* Work instructions
Your copy must hold all of the data below, unchanged and without images.

* Information shown
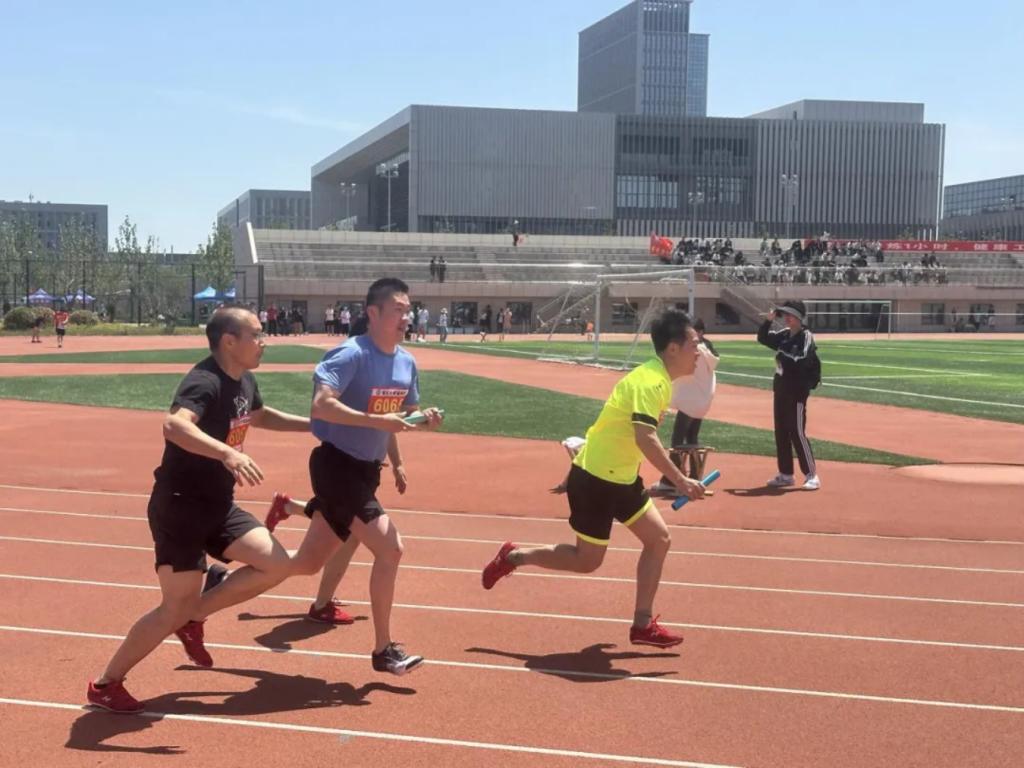 张成友老师正在进行党政工团4✖100接力比赛。
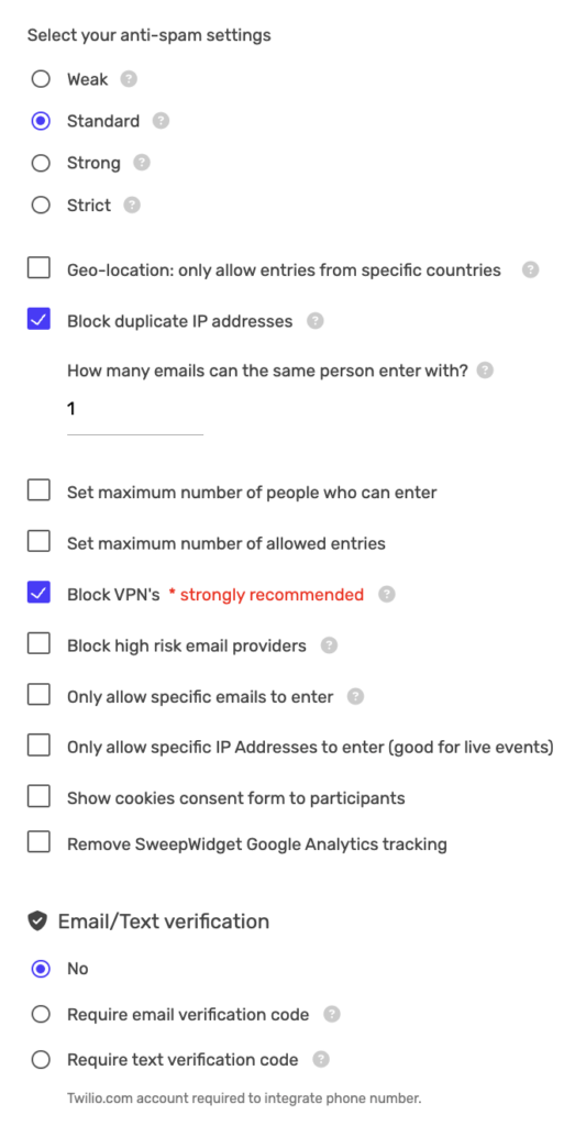 • Only allow specific emails to enter – Create an email whitelist for exclusive contests
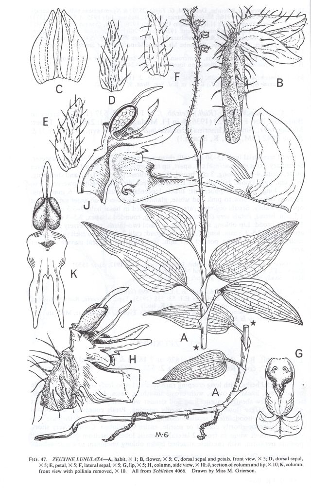 Zeuxine lunulata P.J.Cribb & J.Bowden 1979 Drawing by © Mary Grierson/Cribb
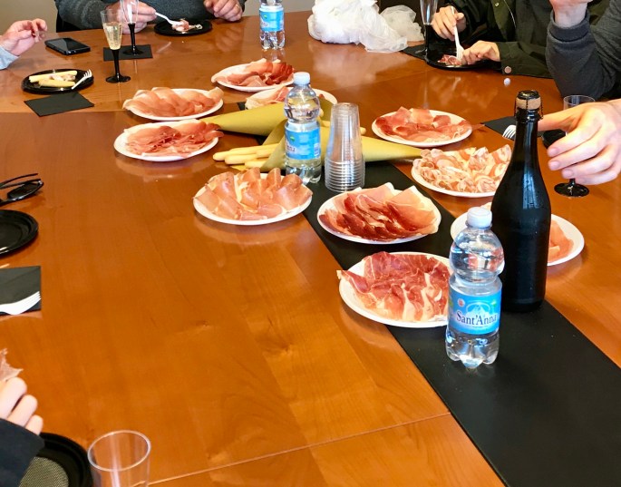 Next was a prosciutto factory, where we learned about the aging process and then tried about 10 different types of meats. We also had more wine! By this point of the tour, we had a lot of food and wine in us, but when in Italy, you need to power through.

* Result of the task
 张成友老师正在进行党政工团4✖100接力比赛。
 • Only allow specific emails to enter – Create an email whitelist for exclusive contests
 Zeuxine lunulata P.J.Cribb & J.Bowden 1979 Drawing by © Mary Grierson/Cribb
 Next was a prosciutto factory, where we learned about the aging process and then tried about 10 different types of meats. We also had more wine! By this point of the tour, we had a lot of food and wine in us, but when in Italy, you need to power through.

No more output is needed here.